Le tribalisme est l’un des problèmes qui touchent le plus la République démocratique du Congo. La situation est marquée par de grands moments d’instabilité, même si, ces dernières semaines, une volonté de lancer des initiatives de dialogue s’est fait jour, notamment chez les jeunes. C’est pourquoi Pressenza a interviewé Odia Nsenda, une Congolaise qui a émigré au Canada, où elle étudie la sociologie et travaille à la protection des droits humains.
Odia, la situation congolaise est-elle encore instable ?
La situation au Congo n’est pas stable, il y a des conflits dans presque toutes les provinces, il y a de l’insécurité. Le Congo est l’un des pays les plus pauvres du monde, le pourcentage est très élevé, et tout cela crée de l’instabilité. Les jeunes sont sans travail, ils sont obligés d’émigrer.
Quelles sont les principales urgences en cours ?
Chaque jour, il y a des cas continus de violence, surtout de violence sexuelle, surtout dans l’Est du pays. Il n’y a pas de paix. La délinquance est au plus haut niveau.
Le tribalisme a toujours caractérisé le pays, est-il encore un obstacle au développement démocratique ?
Oui, le tribalisme est le mal du Congo, et il n’a pas commencé aujourd’hui. Il n’y a jamais eu de véritable réconciliation et il n’y a jamais eu de véritable justice contre ceux qui ont semé la haine et tué à cause du tribalisme. Il n’y a pas de démocratie sans justice. Il n’y a des chemins vers la paix que dans certains territoires, comme dans la ville de Kalemi, dans la province du Tanganyika, où pendant de nombreuses années il y a eu des conflits tribaux contre les Twa et les Bantous.
Ce sont les jeunes qui bougent, montrant qu’ils sont capables de faire de grands pas en avant.
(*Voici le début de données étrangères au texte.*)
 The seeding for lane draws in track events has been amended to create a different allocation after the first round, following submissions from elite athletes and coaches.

Les Twa font partie d’un groupe ethnique de pygmées, les premiers habitants du Congo, un peuple nomade qui vit dans la forêt. Les Bantous, en revanche, constituent un groupe ethnique plus impliqué dans l’agriculture et le commerce. Avec cette migration vers les rivières, les Bantous ont commencé à contrôler le territoire, établissant des lois contre les Twa et créant des inégalités structurelles dans la région, faisant en sorte que la population Twa se sente pauvre et vulnérable.
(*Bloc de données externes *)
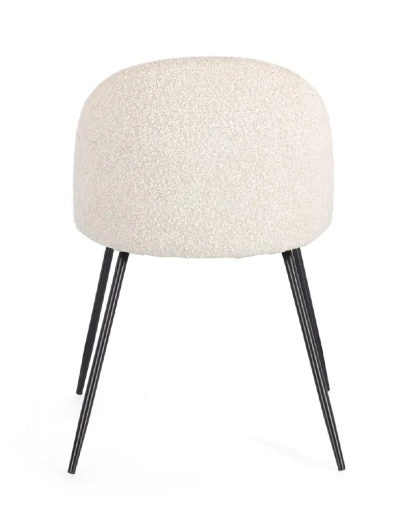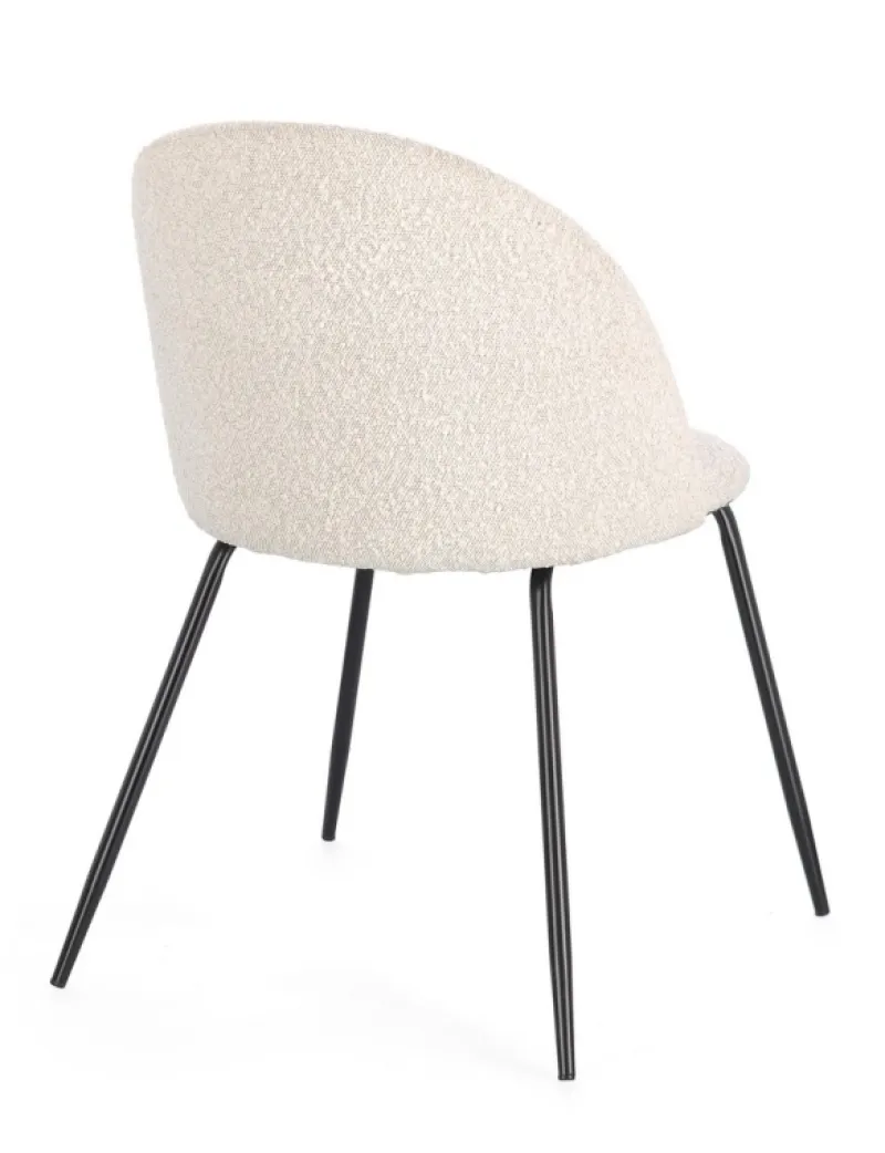 GAMBE IN TUBOLARE DI ACCIAIO CON CROMATURA COLOR NERO. SCHIENALE E SEDUTA IMBOTTITI IN SCHIUMA POLIURETANICA E RIVESTITI IN 95% POLIESTERE 5% ACRILICO EFFETTO BOUCLE’. GAMBE DA ASSEMBLARE.

La discrimination contre un groupe ethnique, les inégalités structurelles et sociales peuvent conduire à la violence, à des conflits meurtriers et à des déplacements en quête de paix. C’est ce qui a poussé ces Twa à chercher refuge dans les villages voisins. Le conflit entre Twa et Bantou a commencé en 2013 suite à la rébellion des Bakata-Katanga, qui font partie de l’ethnie bantoue majoritaire. Il est arrivé à un point culminant. Le peuple Twa était fatigué de se battre, de se déplacer et de subir des violences et des conflits de toutes sortes, et ils ont donc contacté leurs frères bantous pour trouver enfin un terrain d’entente.
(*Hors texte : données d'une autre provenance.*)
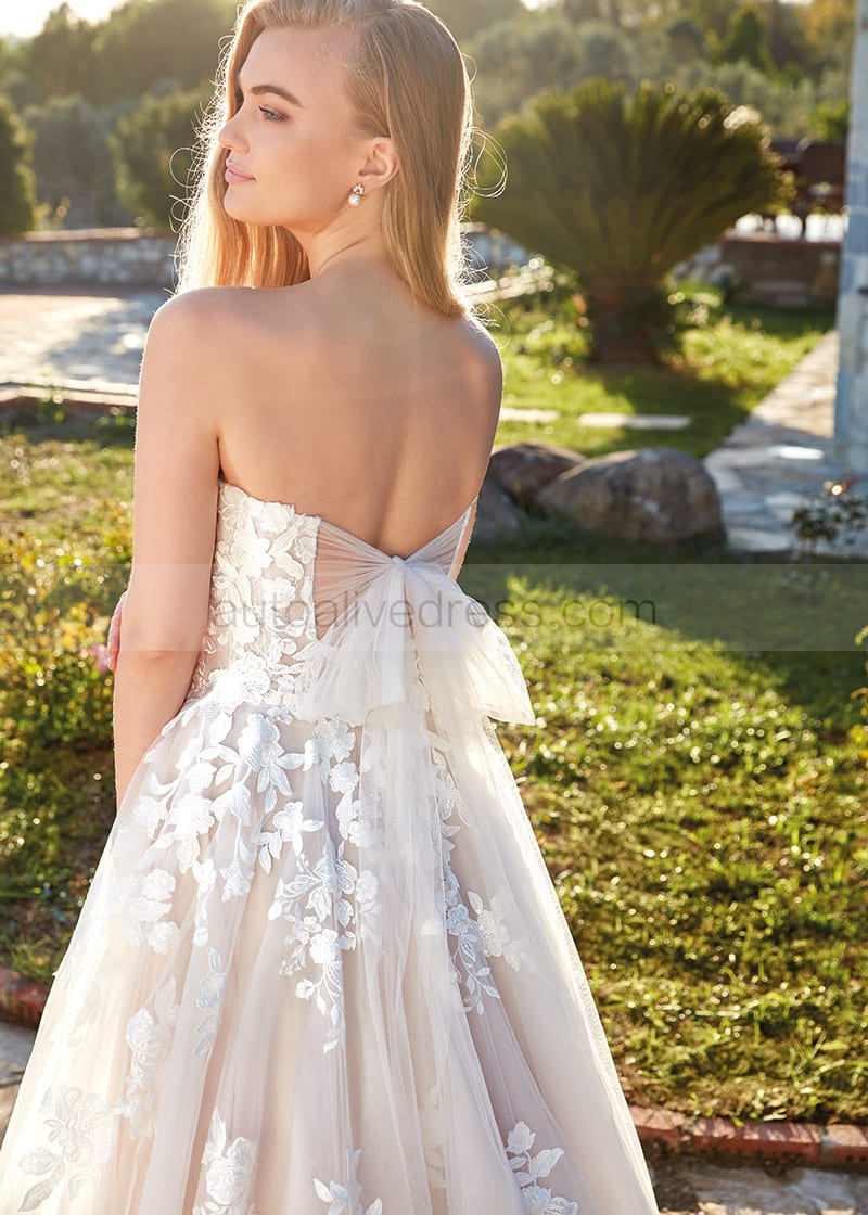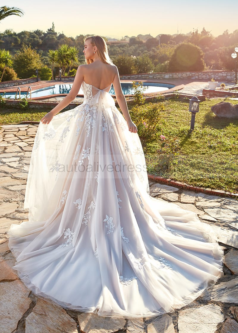 Ivory Sequined Lace Tulle Creative Wedding Dress With Champagne Lining

Cette initiative de paix des jeunes a été rendue possible grâce à l’Unfra, la Fao et l’Unesco. C’est la voie à suivre pour rendre possible un Congo différent et plus démocratique. C’est un exemple à suivre tant pour ceux qui sont restés au Congo que pour ceux qui vivent à l’étranger à cause de la diaspora.
L’un des grands problèmes du développement du Congo est l’exploitation des ressources naturelles. Comment est-il géré ? S’agit-il d’une urgence nationale ?
Le Congo dispose de nombreuses ressources naturelles, comme l’eau, le pétrole, les mines de cuivre, de cobalt, de diamants, d’or. Pour certains, cette richesse est la « malédiction » des Congolais. Comme l’a dit Denis Mukwenga lorsqu’il a reçu le prix Nobel de la paix, « mon pays est plein de la complicité de gens qui prétendent être nos dirigeants. Pillé pour son pouvoir, sa richesse et sa gloire. Pillé aux dépens de millions d’hommes, de femmes et d’enfants innocents, plongés dans une misère atroce, tandis que les profits de nos minéraux finissent dans les comptes obscurs d’une oligarchie prédatrice ».